And in this environment, getting capture right isn’t just important—it’s survival. 

 

Why Capture Matters More Than Ever 


The federal landscape in 2025 is shifting faster than most companies can track. With the Trump administration now reshaping priorities across agencies, relationships are changing, procurement rules are evolving, and long-standing assumptions about how and where dollars will flow are being rewritten in real time. 


Many veteran civil servants are leaving government, taking with them decades of institutional knowledge and established working relationships. Meanwhile, new leadership and contracting officers bring different interpretations, risk tolerances, and expectations. 

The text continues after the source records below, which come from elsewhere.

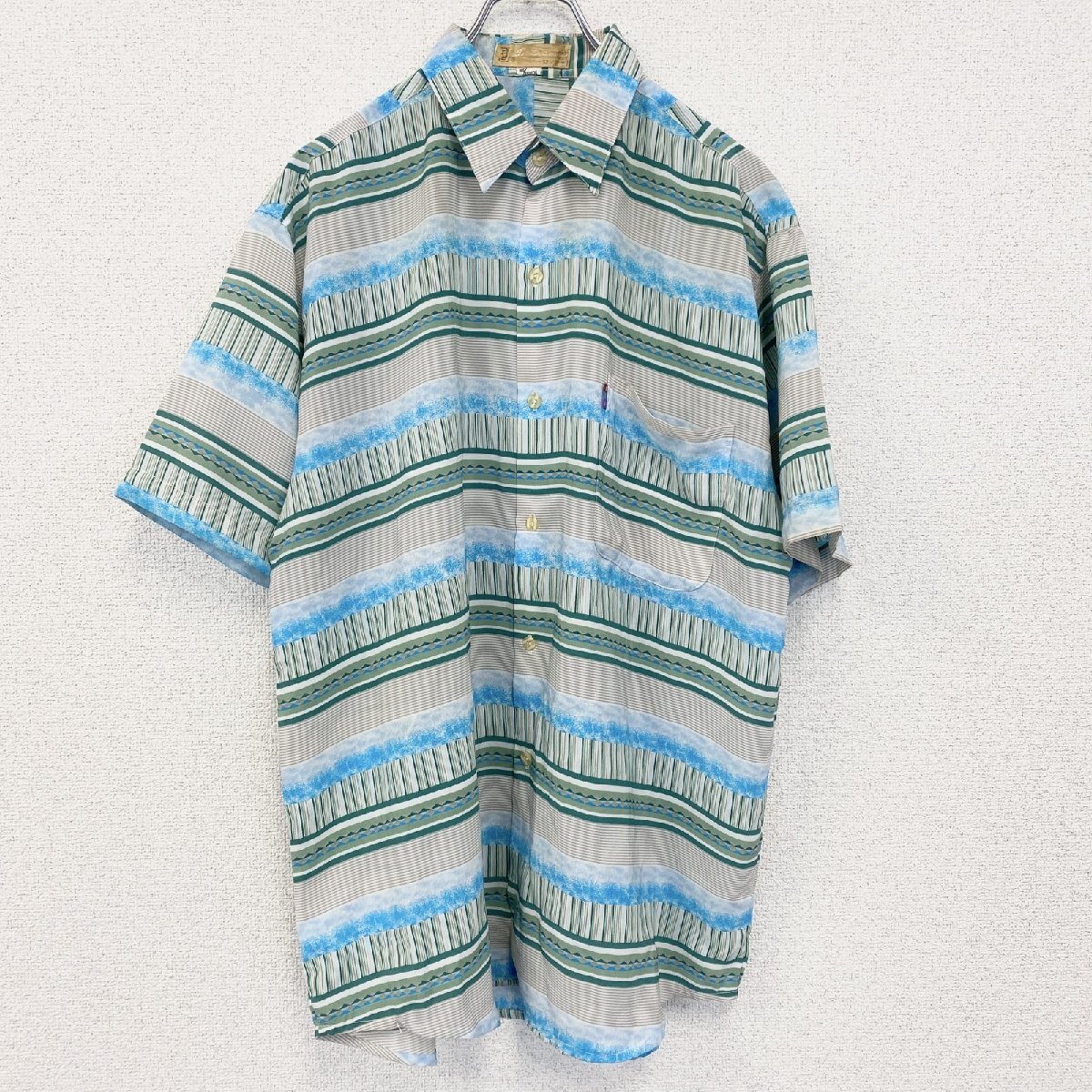 - 古着 used 半袖プリント総柄シャツ レトロデザイン エスニック ストライプ柄 胸ポケット 青 緑 ブルー グリーン
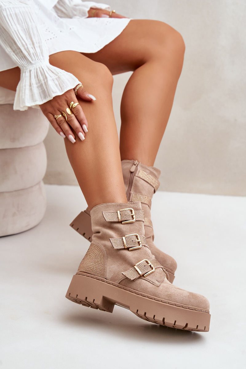 Warm Women's Boots With Buckles Beige Tiaeliana
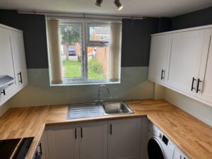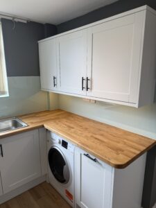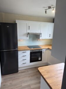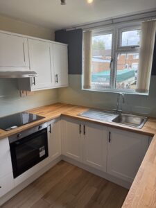 We removed the old kitchen and installed a new Howdens shaker units with solid oak worktops and an acrylic splashback all round , this was finished off with new oak effect LVT flooring
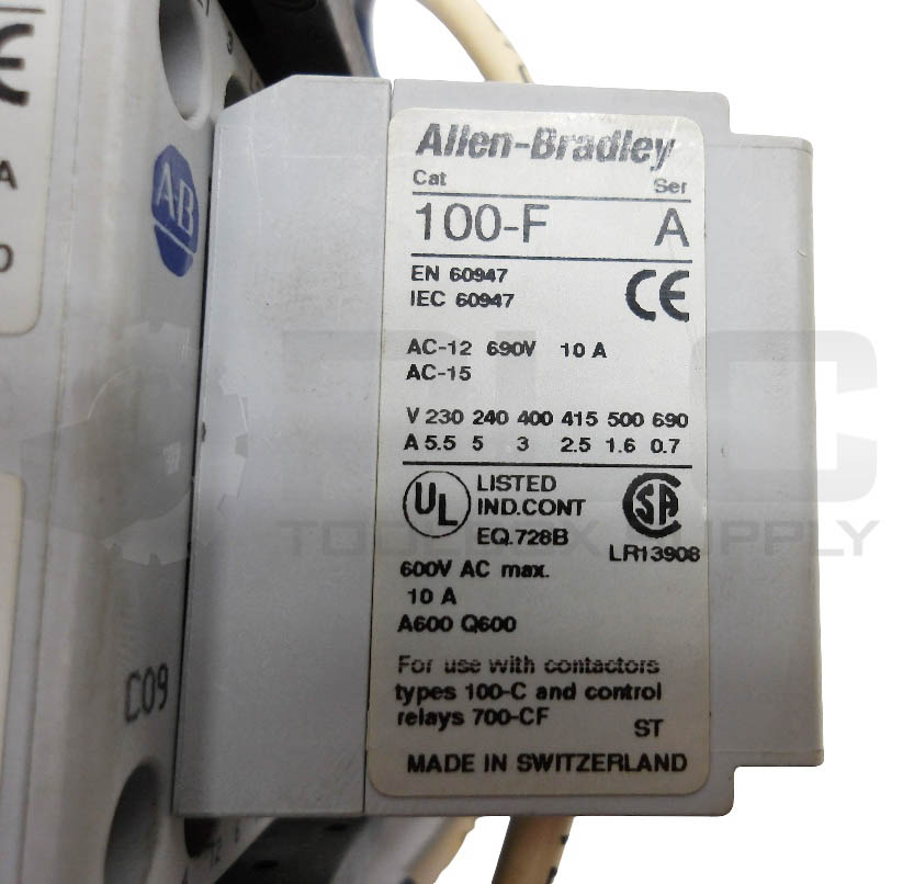 • ALLEN BRADLEY 104-C09DJ22 /A CONTACTOR W/ (2) 100-F /A W/ 193-EA2B /B

Layer on the administration’s push for greater efficiency, streamlined acquisition processes, and AI adoption across government operations, and it’s clear: the old capture playbook won’t cut it anymore. 

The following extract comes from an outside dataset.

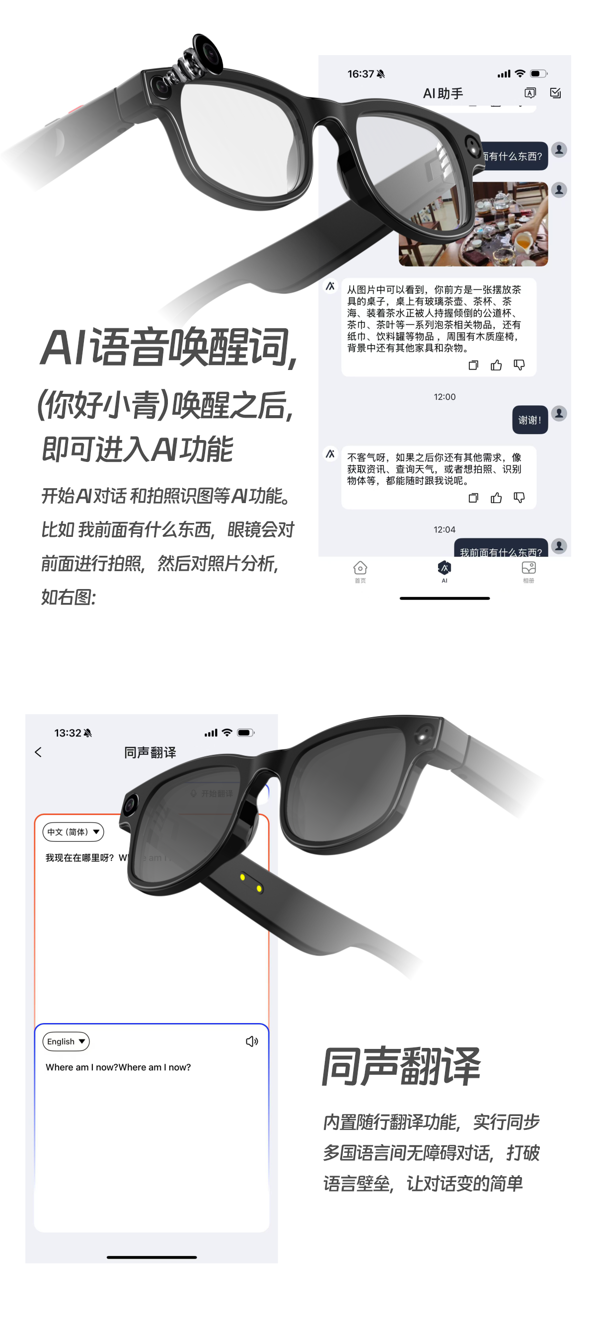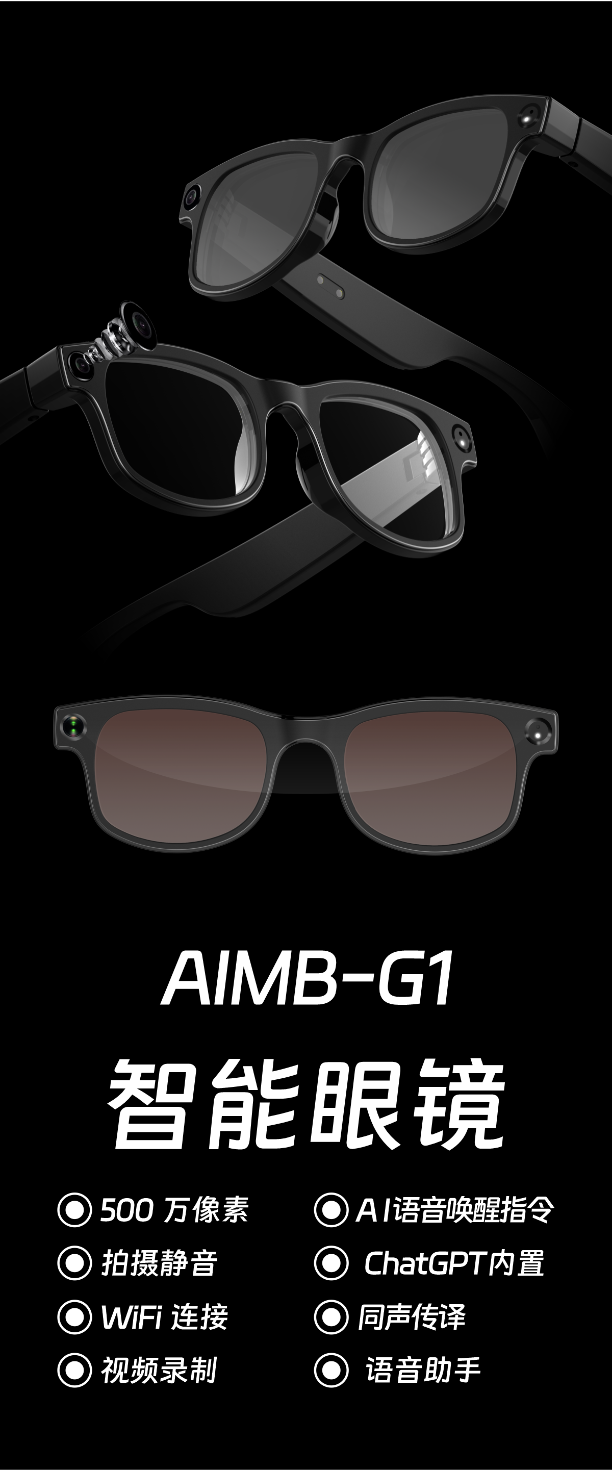 产品亮点: AIMB-G1 AI智能眼镜将尖端的人工智能与时尚的日常眼镜设计相结合。这些智能眼镜配备了内置语音助手和实时语言翻译功能,可帮助您进行跨境交流,无论您是在旅行、远程工作还是探索新文化。AIMB-G1配备500万像素摄像头、触摸+物理控制、WiFi连接和长达30小时的音频播放,是连接生活方式的终极可穿戴设备。

This is exactly where Real World Capture earns its name. It’s not theoretical or bureaucratic. It’s adaptive, informed, and focused on what’s actually happening on the ground—inside agencies, among decision-makers, and across the competitive landscape. 

 

Five Keys to Building a “Real World Capture” Process 

After decades in this industry—and plenty of lessons learned the hard way—I’ve found that successful capture teams focus on five essential elements. These aren’t theoretical. They’re practical, lived-in, and proven. 

 

1. Start Early—Really Early 


Everyone says they start early. Few actually do. 


Real World Capture starts when the opportunity is still shaping—not after it hits SAM.gov or when the incumbent starts making noise. The earlier you engage, the more you can inform the acquisition strategy, requirements, and even contract type. 

That’s especially true now, as many agencies are reevaluating programs and shifting budgets to align with new priorities and AI-driven modernization efforts. When you’re tracking trends early, you can anticipate how leadership changes or technology mandates might alter the scope—or the entire acquisition strategy. 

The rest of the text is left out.